-- What this task involves --
For this exercise, retype each line of the material below verbatim and omit any picture.

-- Extracted data --
- - -

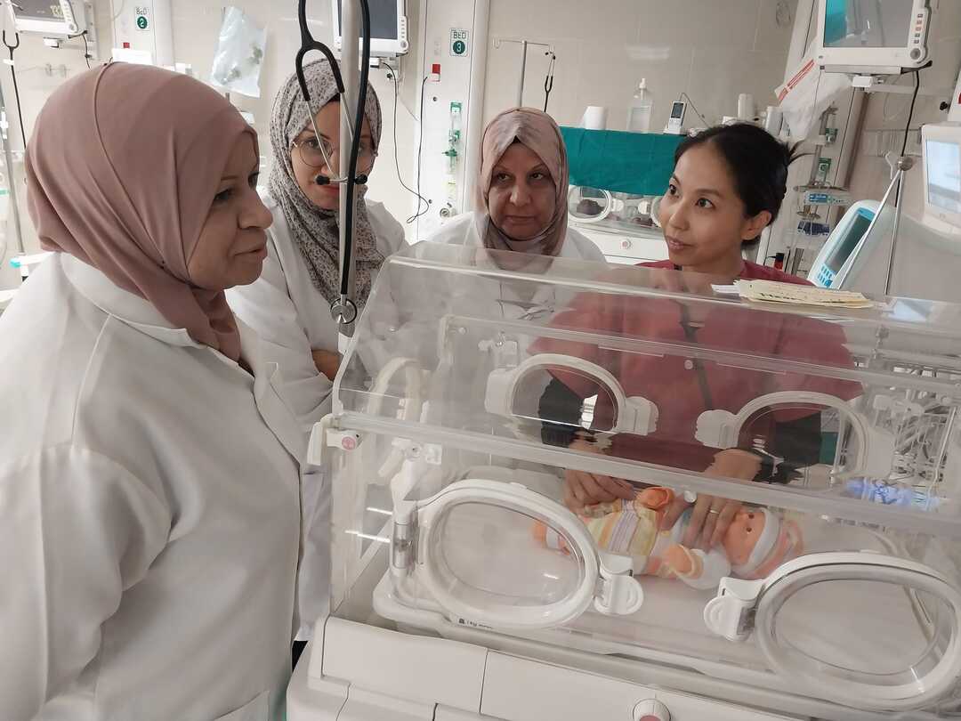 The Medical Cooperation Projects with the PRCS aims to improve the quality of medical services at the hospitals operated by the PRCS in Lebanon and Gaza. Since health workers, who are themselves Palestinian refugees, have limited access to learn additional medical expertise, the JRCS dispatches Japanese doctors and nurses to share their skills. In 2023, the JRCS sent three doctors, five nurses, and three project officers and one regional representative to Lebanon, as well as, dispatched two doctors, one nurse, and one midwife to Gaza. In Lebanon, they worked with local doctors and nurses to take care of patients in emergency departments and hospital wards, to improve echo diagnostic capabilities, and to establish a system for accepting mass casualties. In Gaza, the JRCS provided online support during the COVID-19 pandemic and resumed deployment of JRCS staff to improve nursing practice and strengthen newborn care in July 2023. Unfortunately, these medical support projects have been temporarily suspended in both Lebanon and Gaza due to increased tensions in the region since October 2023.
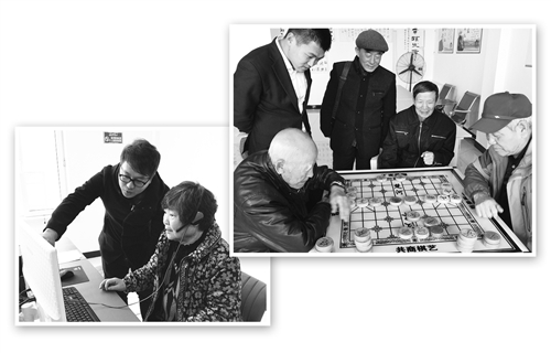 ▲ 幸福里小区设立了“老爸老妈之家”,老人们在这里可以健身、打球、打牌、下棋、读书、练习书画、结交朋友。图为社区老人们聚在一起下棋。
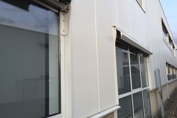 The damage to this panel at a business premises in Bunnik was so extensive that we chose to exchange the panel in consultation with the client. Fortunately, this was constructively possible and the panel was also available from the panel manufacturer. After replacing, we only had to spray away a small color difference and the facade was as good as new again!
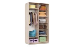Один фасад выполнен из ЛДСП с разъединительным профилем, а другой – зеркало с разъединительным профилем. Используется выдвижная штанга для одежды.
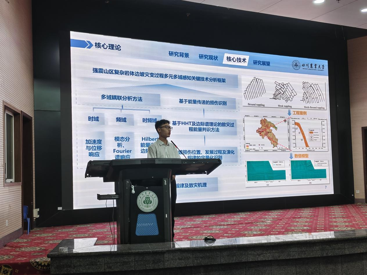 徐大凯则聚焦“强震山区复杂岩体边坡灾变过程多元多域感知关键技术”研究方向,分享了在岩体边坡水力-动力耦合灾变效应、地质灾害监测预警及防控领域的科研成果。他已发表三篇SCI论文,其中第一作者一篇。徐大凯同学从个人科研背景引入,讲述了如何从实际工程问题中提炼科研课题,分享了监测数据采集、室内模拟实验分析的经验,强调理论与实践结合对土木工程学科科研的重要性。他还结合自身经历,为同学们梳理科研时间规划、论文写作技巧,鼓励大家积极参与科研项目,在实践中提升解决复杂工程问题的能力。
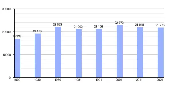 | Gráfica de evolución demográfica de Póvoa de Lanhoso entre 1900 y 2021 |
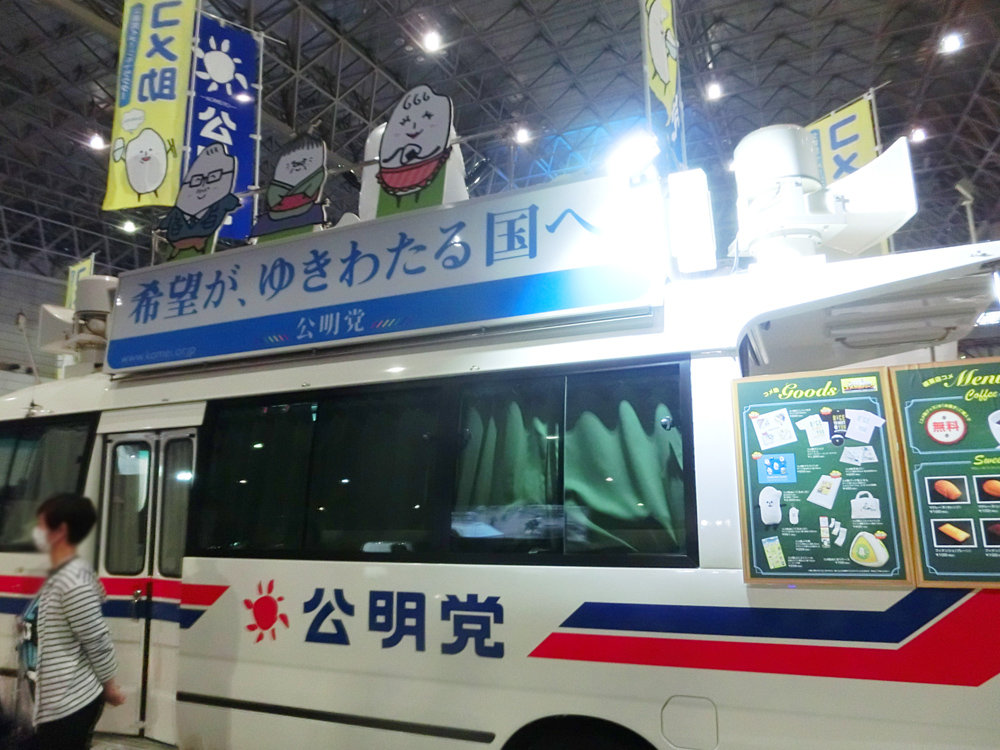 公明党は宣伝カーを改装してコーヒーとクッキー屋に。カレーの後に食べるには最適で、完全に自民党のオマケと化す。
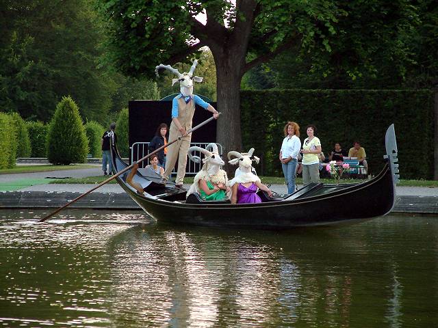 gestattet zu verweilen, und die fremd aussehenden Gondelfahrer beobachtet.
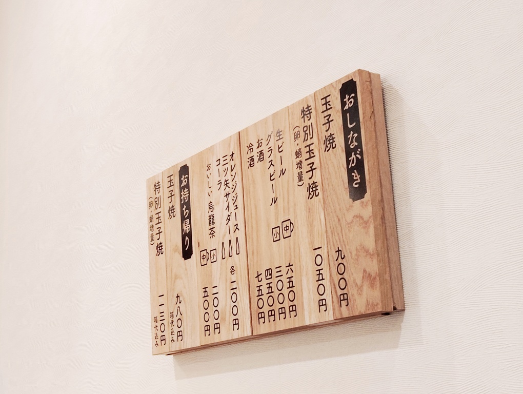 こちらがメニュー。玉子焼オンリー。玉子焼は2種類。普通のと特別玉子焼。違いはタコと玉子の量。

- - -

-- Completed exercise --
 The Medical Cooperation Projects with the PRCS aims to improve the quality of medical services at the hospitals operated by the PRCS in Lebanon and Gaza. Since health workers, who are themselves Palestinian refugees, have limited access to learn additional medical expertise, the JRCS dispatches Japanese doctors and nurses to share their skills. In 2023, the JRCS sent three doctors, five nurses, and three project officers and one regional representative to Lebanon, as well as, dispatched two doctors, one nurse, and one midwife to Gaza. In Lebanon, they worked with local doctors and nurses to take care of patients in emergency departments and hospital wards, to improve echo diagnostic capabilities, and to establish a system for accepting mass casualties. In Gaza, the JRCS provided online support during the COVID-19 pandemic and resumed deployment of JRCS staff to improve nursing practice and strengthen newborn care in July 2023. Unfortunately, these medical support projects have been temporarily suspended in both Lebanon and Gaza due to increased tensions in the region since October 2023.
 ▲ 幸福里小区设立了“老爸老妈之家”,老人们在这里可以健身、打球、打牌、下棋、读书、练习书画、结交朋友。图为社区老人们聚在一起下棋。
 The damage to this panel at a business premises in Bunnik was so extensive that we chose to exchange the panel in consultation with the client. Fortunately, this was constructively possible and the panel was also available from the panel manufacturer. After replacing, we only had to spray away a small color difference and the facade was as good as new again!
Один фасад выполнен из ЛДСП с разъединительным профилем, а другой – зеркало с разъединительным профилем. Используется выдвижная штанга для одежды.
 徐大凯则聚焦“强震山区复杂岩体边坡灾变过程多元多域感知关键技术”研究方向,分享了在岩体边坡水力-动力耦合灾变效应、地质灾害监测预警及防控领域的科研成果。他已发表三篇SCI论文,其中第一作者一篇。徐大凯同学从个人科研背景引入,讲述了如何从实际工程问题中提炼科研课题,分享了监测数据采集、室内模拟实验分析的经验,强调理论与实践结合对土木工程学科科研的重要性。他还结合自身经历,为同学们梳理科研时间规划、论文写作技巧,鼓励大家积极参与科研项目,在实践中提升解决复杂工程问题的能力。
 | Gráfica de evolución demográfica de Póvoa de Lanhoso entre 1900 y 2021 |
 公明党は宣伝カーを改装してコーヒーとクッキー屋に。カレーの後に食べるには最適で、完全に自民党のオマケと化す。
 gestattet zu verweilen, und die fremd aussehenden Gondelfahrer beobachtet.
 こちらがメニュー。玉子焼オンリー。玉子焼は2種類。普通のと特別玉子焼。違いはタコと玉子の量。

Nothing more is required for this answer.